Work instruction ->
Write out the data below in full, unchanged, minus the images.

Exercise inputs ->
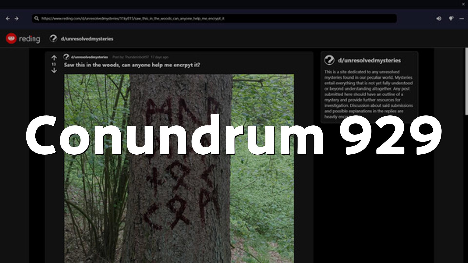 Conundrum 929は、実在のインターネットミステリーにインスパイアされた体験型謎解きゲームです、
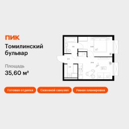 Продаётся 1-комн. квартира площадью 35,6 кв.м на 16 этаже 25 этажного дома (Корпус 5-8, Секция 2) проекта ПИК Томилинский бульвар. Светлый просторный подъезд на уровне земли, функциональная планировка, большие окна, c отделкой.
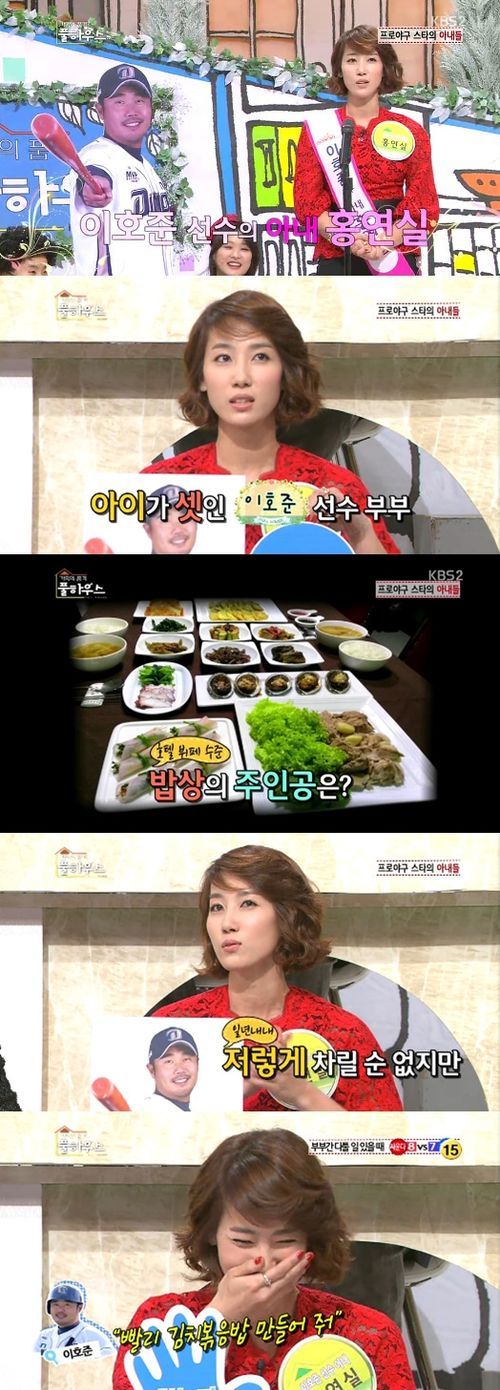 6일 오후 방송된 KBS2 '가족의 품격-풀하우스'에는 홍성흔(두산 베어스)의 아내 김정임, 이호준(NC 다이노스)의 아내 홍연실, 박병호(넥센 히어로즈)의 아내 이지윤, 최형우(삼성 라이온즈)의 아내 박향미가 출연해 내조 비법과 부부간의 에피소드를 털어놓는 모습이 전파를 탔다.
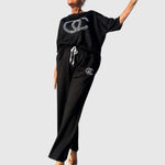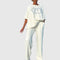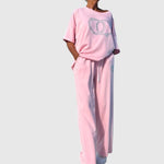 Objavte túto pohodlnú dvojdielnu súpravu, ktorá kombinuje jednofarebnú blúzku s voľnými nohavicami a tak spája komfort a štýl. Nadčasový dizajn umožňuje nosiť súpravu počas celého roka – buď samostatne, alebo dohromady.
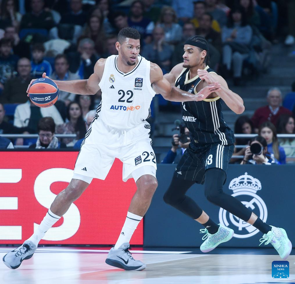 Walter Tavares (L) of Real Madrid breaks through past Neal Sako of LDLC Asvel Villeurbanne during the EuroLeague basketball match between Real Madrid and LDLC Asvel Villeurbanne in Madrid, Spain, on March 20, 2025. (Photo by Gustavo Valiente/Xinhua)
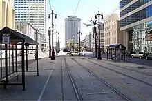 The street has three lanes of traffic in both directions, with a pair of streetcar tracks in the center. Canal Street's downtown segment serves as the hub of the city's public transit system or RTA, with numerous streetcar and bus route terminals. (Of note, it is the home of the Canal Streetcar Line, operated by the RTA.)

Output of the task ->
 Conundrum 929は、実在のインターネットミステリーにインスパイアされた体験型謎解きゲームです、
 Продаётся 1-комн. квартира площадью 35,6 кв.м на 16 этаже 25 этажного дома (Корпус 5-8, Секция 2) проекта ПИК Томилинский бульвар. Светлый просторный подъезд на уровне земли, функциональная планировка, большие окна, c отделкой.
 6일 오후 방송된 KBS2 '가족의 품격-풀하우스'에는 홍성흔(두산 베어스)의 아내 김정임, 이호준(NC 다이노스)의 아내 홍연실, 박병호(넥센 히어로즈)의 아내 이지윤, 최형우(삼성 라이온즈)의 아내 박향미가 출연해 내조 비법과 부부간의 에피소드를 털어놓는 모습이 전파를 탔다.
 Objavte túto pohodlnú dvojdielnu súpravu, ktorá kombinuje jednofarebnú blúzku s voľnými nohavicami a tak spája komfort a štýl. Nadčasový dizajn umožňuje nosiť súpravu počas celého roka – buď samostatne, alebo dohromady.
 Walter Tavares (L) of Real Madrid breaks through past Neal Sako of LDLC Asvel Villeurbanne during the EuroLeague basketball match between Real Madrid and LDLC Asvel Villeurbanne in Madrid, Spain, on March 20, 2025. (Photo by Gustavo Valiente/Xinhua)
 The street has three lanes of traffic in both directions, with a pair of streetcar tracks in the center. Canal Street's downtown segment serves as the hub of the city's public transit system or RTA, with numerous streetcar and bus route terminals. (Of note, it is the home of the Canal Streetcar Line, operated by the RTA.)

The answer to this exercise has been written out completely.